═════ Dataset content ═════
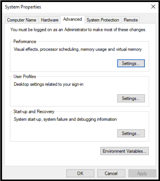 14. Click on the advanced tab. Then click on the “Environment Variables …” below
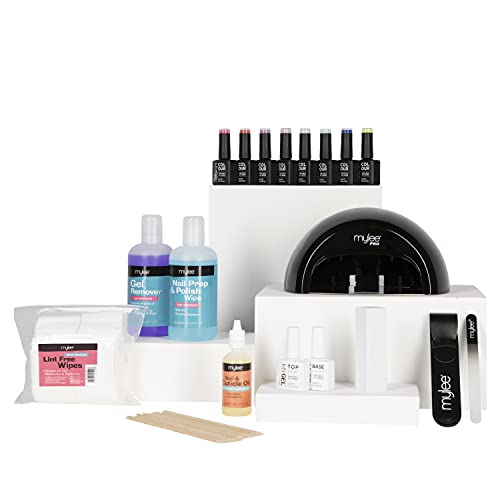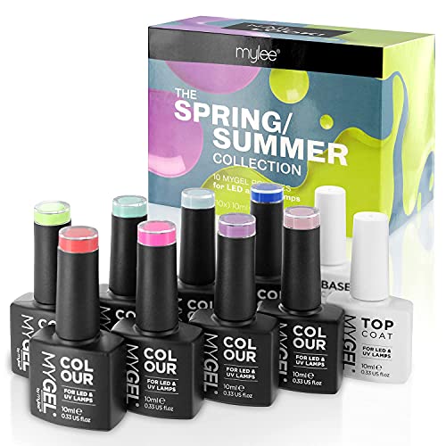 Mylee The Full Works - Set Manicure, 8 smalti per unghie gel semi permanenti MYGEL, top & base coat, Lampada LED Mylee PRO Salon Series, Prep & Wipe, Gel remover (Primavera / Estate - Lampada nera)
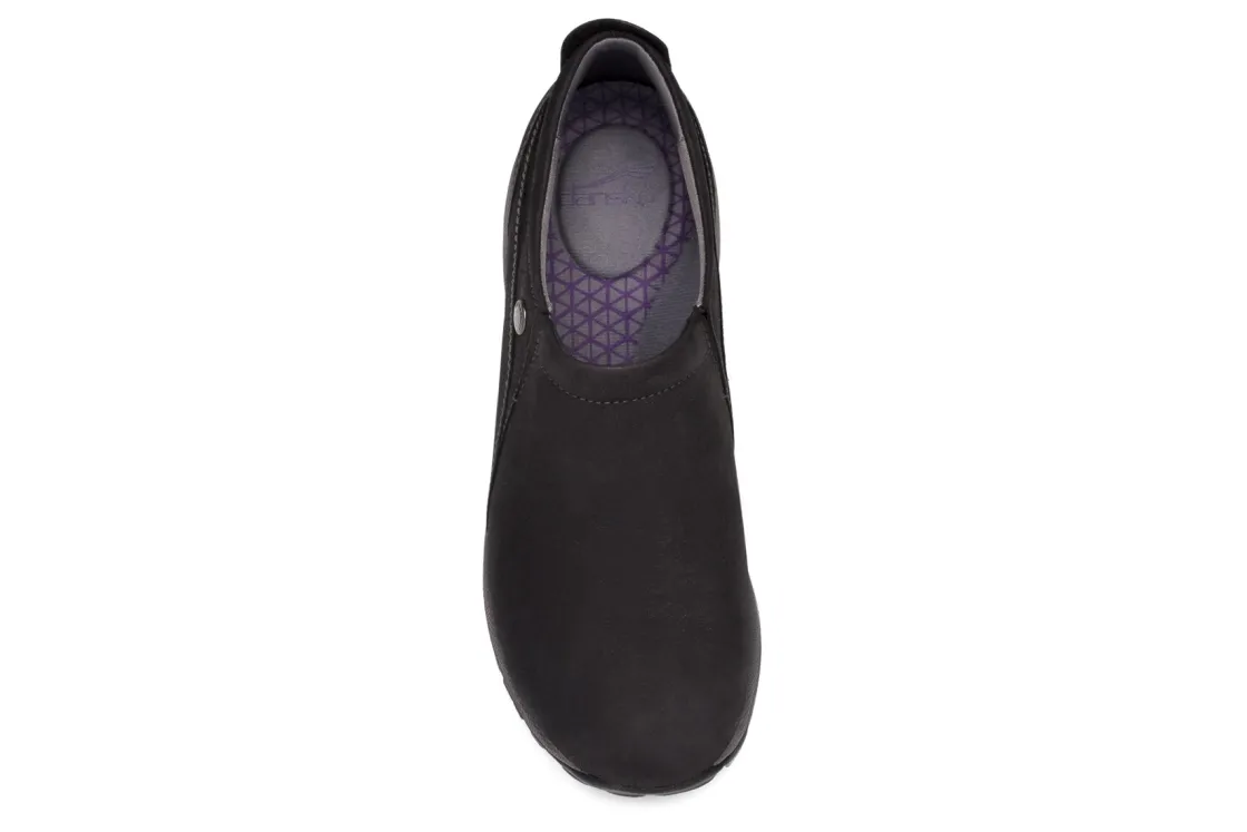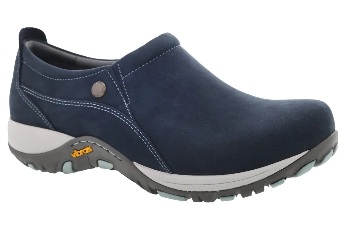 Dansko Patti is a slip-on clog built for the outdoors. Waterproof upper, removable EVA footbed and slip-resistant Vibram rubber outsole makes these trail-ready. 3M Scotchgard treated uppers keep moisture out, while a cushioned collar adds comfort and stability on any trail.
═════
Problem statement - A word-for-word copy of the material is required; pictures stay out of it.

Result of the task -
 14. Click on the advanced tab. Then click on the “Environment Variables …” below
 Mylee The Full Works - Set Manicure, 8 smalti per unghie gel semi permanenti MYGEL, top & base coat, Lampada LED Mylee PRO Salon Series, Prep & Wipe, Gel remover (Primavera / Estate - Lampada nera)
 Dansko Patti is a slip-on clog built for the outdoors. Waterproof upper, removable EVA footbed and slip-resistant Vibram rubber outsole makes these trail-ready. 3M Scotchgard treated uppers keep moisture out, while a cushioned collar adds comfort and stability on any trail.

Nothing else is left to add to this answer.